Le scénario catastrophe de 1997 semble ne pas se répéter pour le Japon. L’enquête Tankan a, certes, fait état d’une détérioration plus forte qu’attendu de l’activité des grandes entreprises manufacturières nipponnes pour le deuxième trimestre. A +12, l’indice ressort en baisse de 5 points par rapport au premier trimestre et en deçà des +15 prévus par le consensus. «La hausse de la demande avant celle du taux de TVA de septembre 2013 à fin mars 2014 a déjà été compensée par la forte baisse de la demande après sa mise en place», estime SG CIB qui précise néanmoins qu’«à +12, il reste solide et suggère que le Japon ne devrait pas entrer en récession».

L’indice des perspectives d’activité des grandes entreprises manufacturières pour le troisième trimestre dépasse même, à +15, son niveau du premier trimestre.

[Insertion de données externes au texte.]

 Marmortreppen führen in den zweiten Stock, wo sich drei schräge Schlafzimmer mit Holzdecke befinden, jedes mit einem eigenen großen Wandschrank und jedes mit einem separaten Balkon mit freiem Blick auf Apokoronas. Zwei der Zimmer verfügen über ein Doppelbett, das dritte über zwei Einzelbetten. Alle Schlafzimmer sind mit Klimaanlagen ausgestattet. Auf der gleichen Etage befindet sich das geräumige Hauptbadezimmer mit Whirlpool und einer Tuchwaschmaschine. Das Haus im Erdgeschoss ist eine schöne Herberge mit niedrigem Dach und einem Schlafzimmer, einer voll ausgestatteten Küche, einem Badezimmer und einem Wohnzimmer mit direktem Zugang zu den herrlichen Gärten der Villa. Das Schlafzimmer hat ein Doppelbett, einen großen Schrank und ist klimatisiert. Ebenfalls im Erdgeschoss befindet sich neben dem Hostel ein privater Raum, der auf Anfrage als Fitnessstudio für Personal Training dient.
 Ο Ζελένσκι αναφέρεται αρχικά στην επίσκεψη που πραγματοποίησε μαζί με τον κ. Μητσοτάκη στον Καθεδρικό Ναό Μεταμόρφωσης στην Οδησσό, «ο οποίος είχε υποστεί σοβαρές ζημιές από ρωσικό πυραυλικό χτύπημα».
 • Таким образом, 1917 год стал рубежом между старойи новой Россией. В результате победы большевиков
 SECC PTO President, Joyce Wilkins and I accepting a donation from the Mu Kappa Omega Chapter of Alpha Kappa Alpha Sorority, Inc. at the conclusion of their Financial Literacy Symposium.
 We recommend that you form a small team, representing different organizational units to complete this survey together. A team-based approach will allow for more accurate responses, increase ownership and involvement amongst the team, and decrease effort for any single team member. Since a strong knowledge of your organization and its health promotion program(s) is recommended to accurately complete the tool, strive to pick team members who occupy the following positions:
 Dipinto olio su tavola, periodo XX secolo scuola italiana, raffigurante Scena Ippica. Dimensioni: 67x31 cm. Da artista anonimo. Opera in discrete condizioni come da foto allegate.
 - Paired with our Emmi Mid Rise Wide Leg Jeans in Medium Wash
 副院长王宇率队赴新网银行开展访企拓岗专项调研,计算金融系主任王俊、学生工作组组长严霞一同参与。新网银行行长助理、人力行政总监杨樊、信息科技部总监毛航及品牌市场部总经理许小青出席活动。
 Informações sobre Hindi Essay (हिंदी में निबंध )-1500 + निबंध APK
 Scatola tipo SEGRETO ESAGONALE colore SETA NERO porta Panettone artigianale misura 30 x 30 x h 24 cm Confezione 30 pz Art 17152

En outre, bien que l’indice pour les grosses sociétés non manufacturières ait chuté de 5 points pour revenir à +19, il s’avère conforme aux attentes du consensus, avec un niveau stable attendu au troisième trimestre. «Nous anticipions une chute plus importante des prévisions d’activité pour les entreprises non manufacturières, l’impact de la hausse de la TVA touchant plus les secteurs de la vente au détail et des services que le secteur manufacturier», ajoute SG CIB.

D’ailleurs, les grosses sociétés ont révisé à la hausse leurs perspectives d’investissements à +7,4% pour 2014, contre +0,1% à la dernière enquête. L’indice d’activité des PME, considéré comme un indicateur avancé de l’emploi et des salaires, s’est à nouveau amélioré de 2 points à +11 pour le deuxième trimestre. Une résistance liée à l’effet du plan de relance budgétaire qui a conduit à une hausse de 45,8% de la valeur des contrats publics reçus par le secteur de la construction entre les mois de mars et mai. Le taux de chômage a chuté à 3,5% en mai, son plus faible niveau depuis fin 1997.

Dans ce contexte, si le PIB japonais a progressé à un rythme de 6,7% au premier trimestre, une contraction semble inévitable au deuxième. C’est donc du rebond de l’activité au troisième trimestre que dépendront à la fois la nouvelle hausse du taux de TVA à 10% prévue pour octobre 2015, mais aussi un nouvel assouplissement monétaire de la BoJ pour soutenir l’activité et l’inflation. Barclays table sur une contraction du PIB de 3,8% au deuxième trimestre, puis un rebond de 1,7% et 2,3% aux deux derniers, soit une croissance de 1,7% sur 2014.